Generate a list of the ten names that, in 2014, were relatively popular for both baby boys and baby girls. To do this, use the following condition: for names for which there are at least 1000 people in the year with that name (including boys or girls), compute the difference between boys and girls with the name. Then, we will call those names with the smallest magnitude difference between the two the most “gender neutral” names. This is not the best definition of gender-neutral, but it is a definition and is straightforward to implement.

To complete this objective:

Keep only rows from 2014.
Create a data frame male with only boy names and their counts.
Create a separate data frame female with only girl names and their counts.
Merge the two data frames on name.
Keep only those rows where the sum of counts for boys and girls is at least 1000.
Compute the absolute value of the difference between counts of boys with the name and counts of girls with the name.
Use sort or order to sort the data frame by the absolute value you just computed.
Use head to find the top ten gender neutral names.

Objective 6. Compute the expected age of people in this class, given the list of class names. (OPTIONAL)

You will need the first names of students in this class.
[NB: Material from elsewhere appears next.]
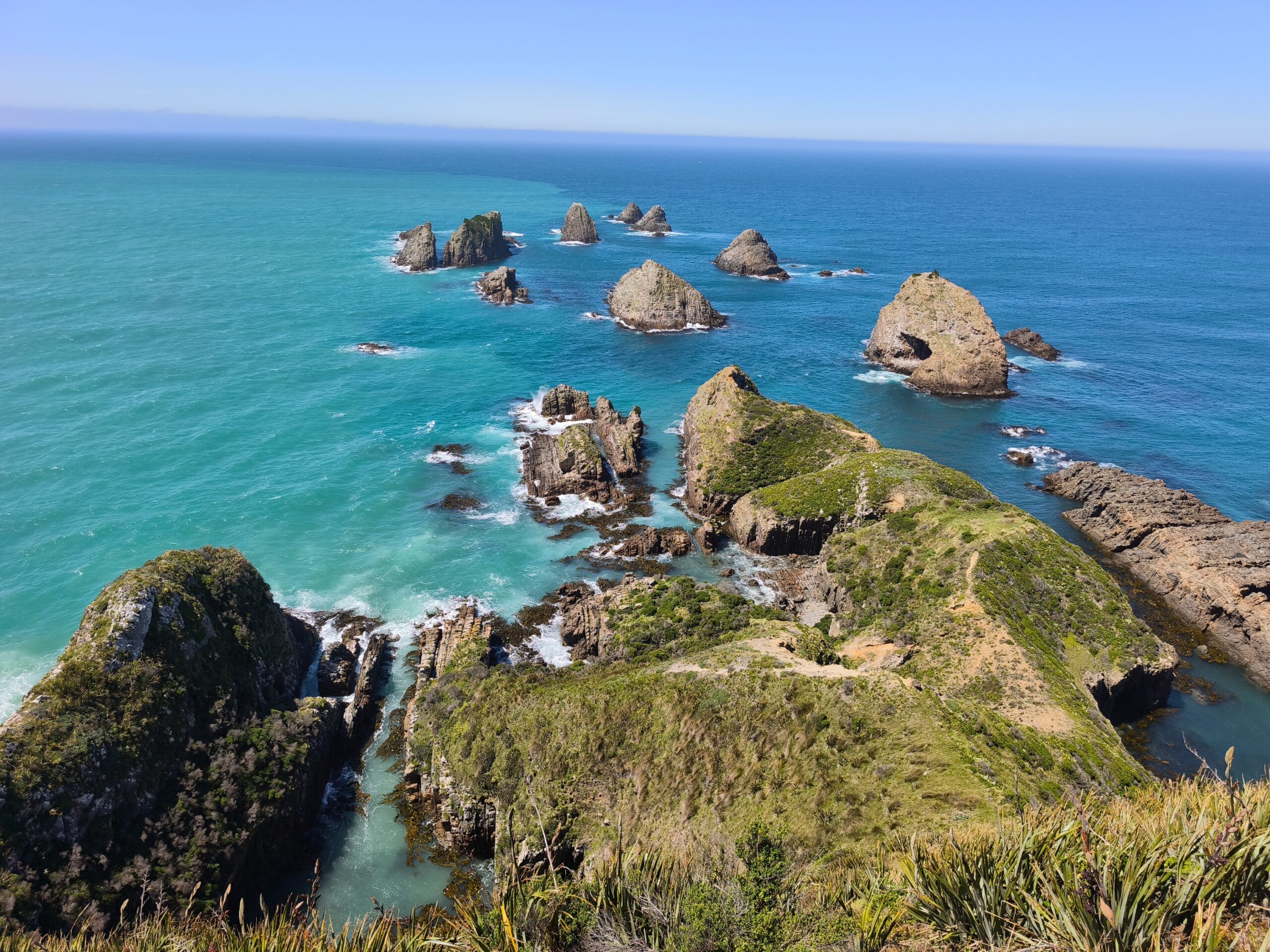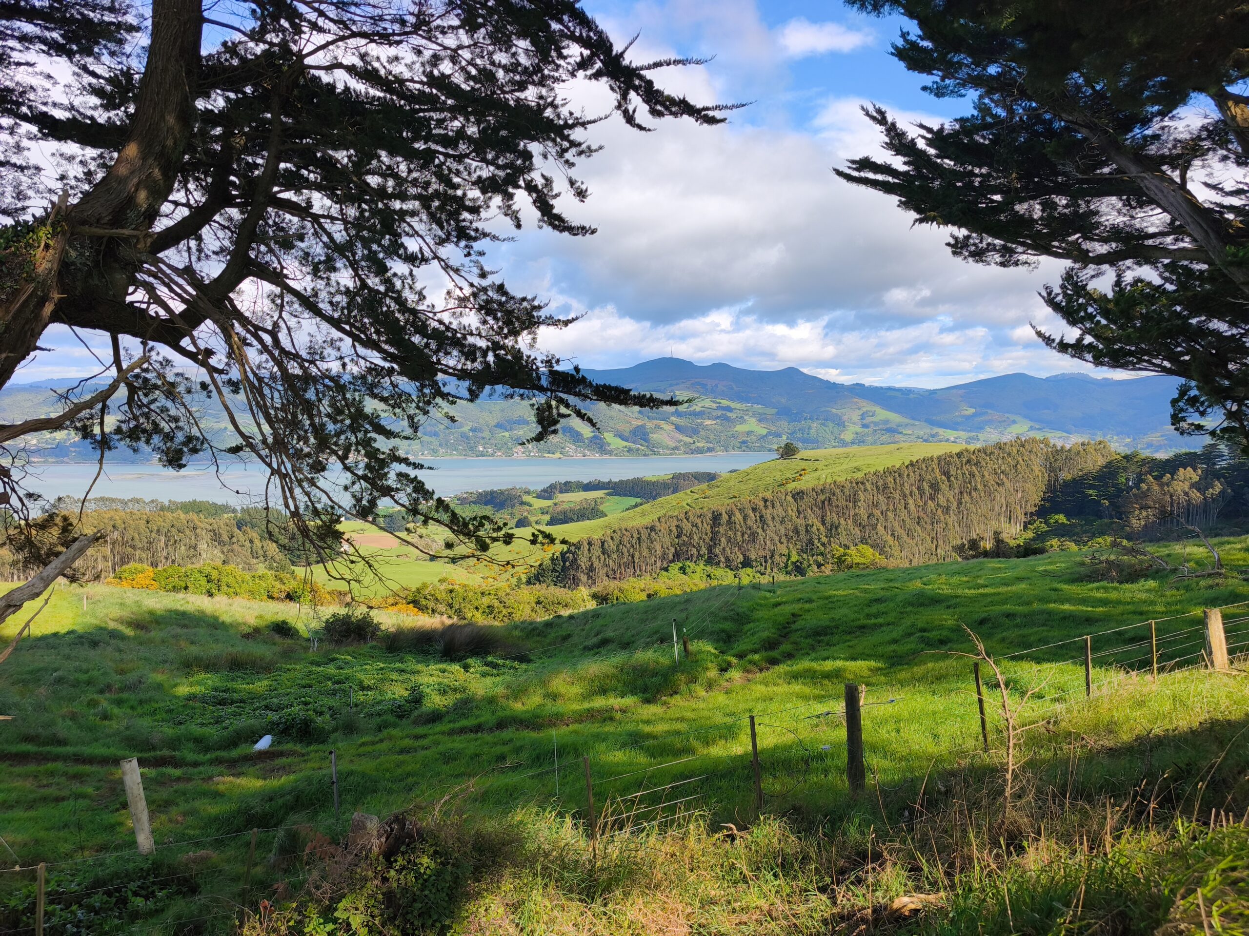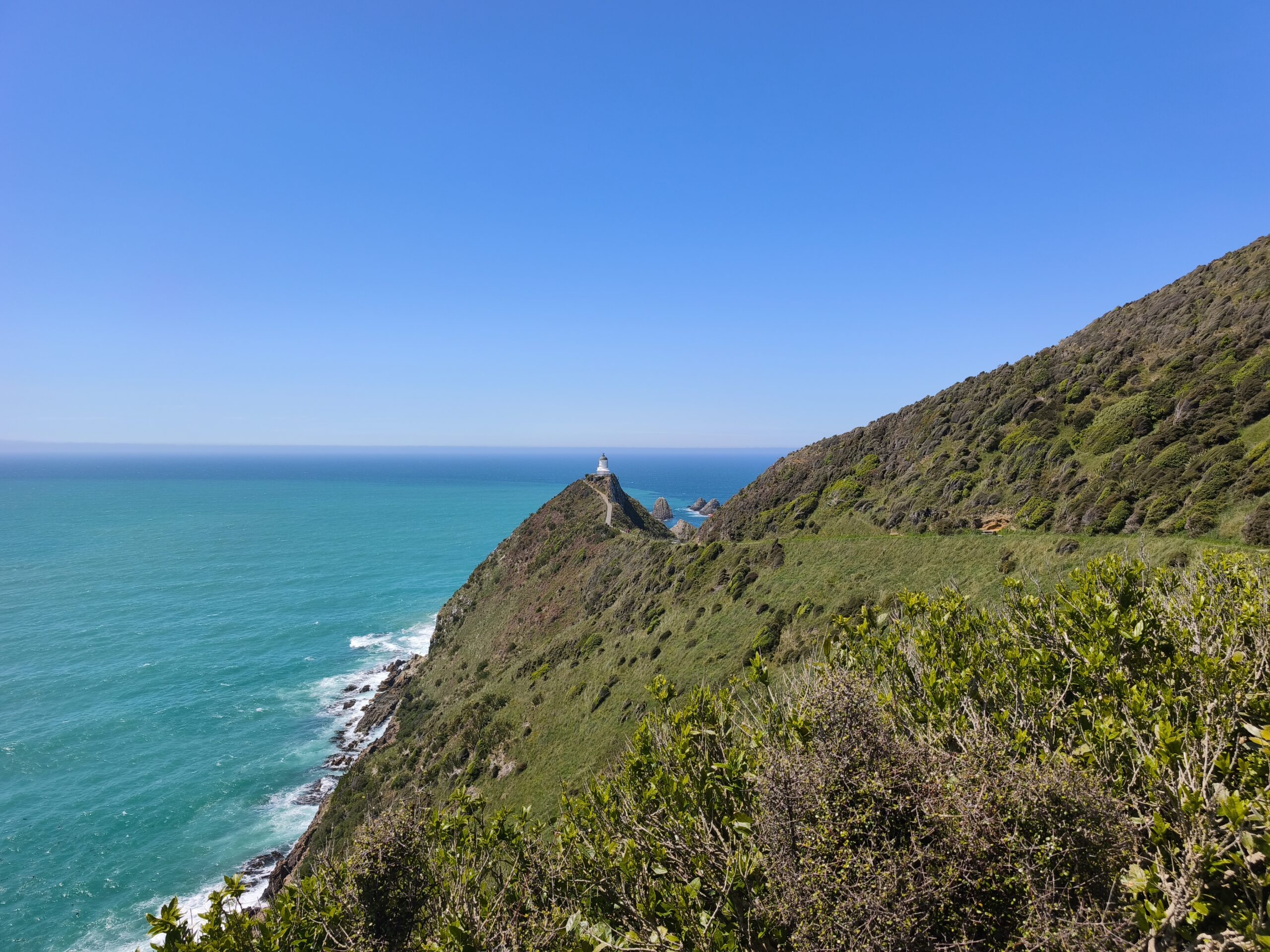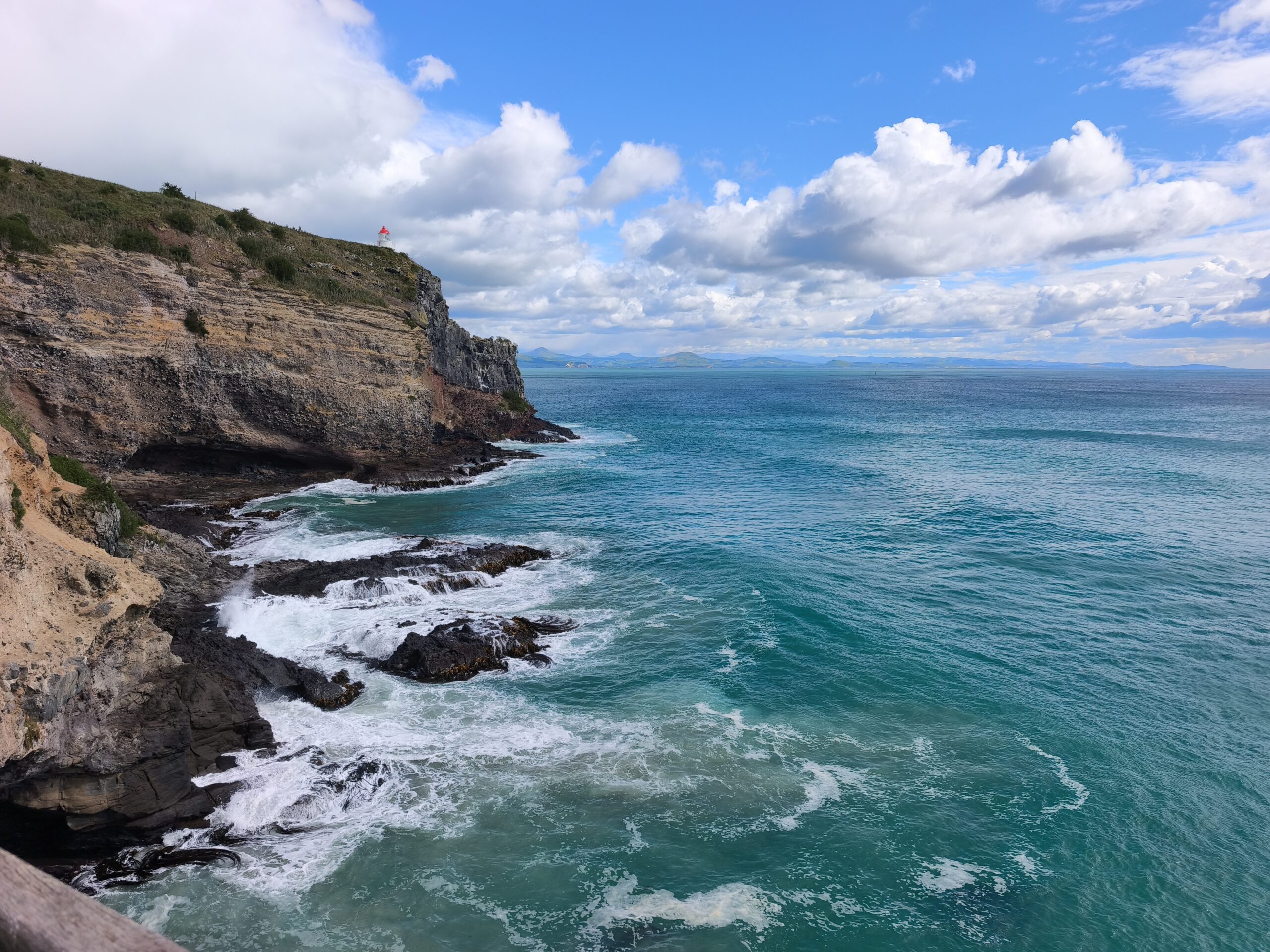 Ver amanecer en Waikawa harbour es un relajante privilegio. Primero me acerco de nuevo a ver Curio Bay desde arriba, se divisa Purpose Bay y la playa con una mañana soleada pero ventosa. Vuelvo a la carretera para seguir atravesando Los Catlins, ahora por Catlins forest, más de 20 km entre bosques, sin otro horizonte. Cathedral Caves está cerrado, así que continúo hacía el este. Paro en Florence Hill Lookout, con vistas a Oyster bay y Tauruku bay, con un azul turquesa precioso. Paro en Purakaunui Falls, con un recorrido corto por un agradable sendero entre el bosque. La siguiente parada es el faro de Nugget Point, uno de los sitios más llamativos de Los Catlins y del día. Allí donde el viento azota el promontorio y las rocas son golpeadas por esas olas (nuggets). Paro a comer en Kaka Point antes de continuar el recorrido e incorporarme a la SH1, donde el ingente tráfico me devuelve a la civilización durante los últimos 80 km hasta llegar a Dunedin.

For a given year, the goal is to compute the likelihood of this distribution of names. For any particular name in a given year, this likelihood would be the number of people with that name divided by the total number of babies named in that year in the data file. For example, the likelihood of being named Joseph in 1992 is the number of babies given the name Joseph in 1992 divided by the total number of babies named in the 1992 data file.

If a name does not appear in this data set, you can assign it a probability of 0. Recall that names with less than five babies with that name in the year are not included in the data set.

Then, the likelihood of observing the distribution of names from our class for a given year is the sum of these probabilities in a year. Plot how this likelihood changes from year to year, and find the birth year that maximizes the likelihood of observing the distribution of names observed in our class.